■ DIRECTIONS FOR THIS TASK: Please set down exactly the lines from the one that contains "Orosz Birodalom 1914." through the end of the material, leaving out every picture.

■ AVAILABLE DATA:
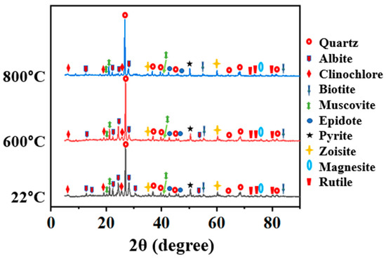 Having identified elements in the studied samples and confirmed some minerals therein using SEM-EDX and petrographic (thin section) analysis, respectively, there is a need to characterize the samples further to identify other suspected minerals as suggested using the thin section method. XRD is a suitable method in this regard. The unheated (22 °C) and heated samples (600 and 800 °C) were characterized to identify the mineral phases and their changes due to high temperatures. The obtained XRD peaks were matched with built-in standard mineral phases XRD-patterns in “PowderX” and “Match!” softwares, and also compared with published work [41,48,50,51]. The findings show that the studied microschist consists of quartz, albite, clinochlore, biotite, muscovite, epidote, pyrite, zoisite, rutile, and magnesite (Figure 12 and Table 2). The unknown types of feldspar, carbonate, and opaque grain suggested using petrographic analysis are confirmed to be albite, magnesite, and pyrite, respectively. The XRD analysis also confirmed that the chlorite observed in photomicrographs of thin sections is chlinochlore, and another phyllosilicate mineral, muscovite, is present in the studied microschist, as indexed in XRD peaks (Figure 12). Furthermore, reddish-brown, very-fine grains, suggested to be rutile or biotite using petrographic analysis, were confirmed to be both rutile and biotite, using the XRD method. Overall, the XRD results agree with those obtained using both SEM-EDX and petrographic analyses. Due to heating, the intensities of quartz increased, while that of albite decreased and nearly disappeared at 800 °C (Figure 12). This can be attributed to the change in quartz (the primary mineral in the studied microschist rock) from the α to β phase at around 573 °C and mineral decomposition after 600 °C [45].
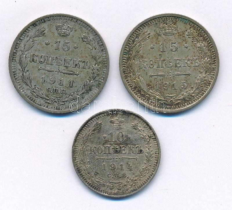 Orosz Birodalom 1914. 10k Ag + 1914. 15k Ag + 1915. 15k Ag T:XF,VF patina
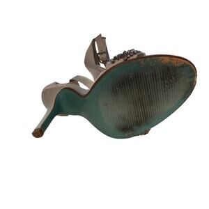 Betsey Johnson Gina White Satin Stiletto Heels Women’s 5B Beaded Ankle Strap GUC

■ YOUR RESPONSE:
 Orosz Birodalom 1914. 10k Ag + 1914. 15k Ag + 1915. 15k Ag T:XF,VF patina
 Betsey Johnson Gina White Satin Stiletto Heels Women’s 5B Beaded Ankle Strap GUC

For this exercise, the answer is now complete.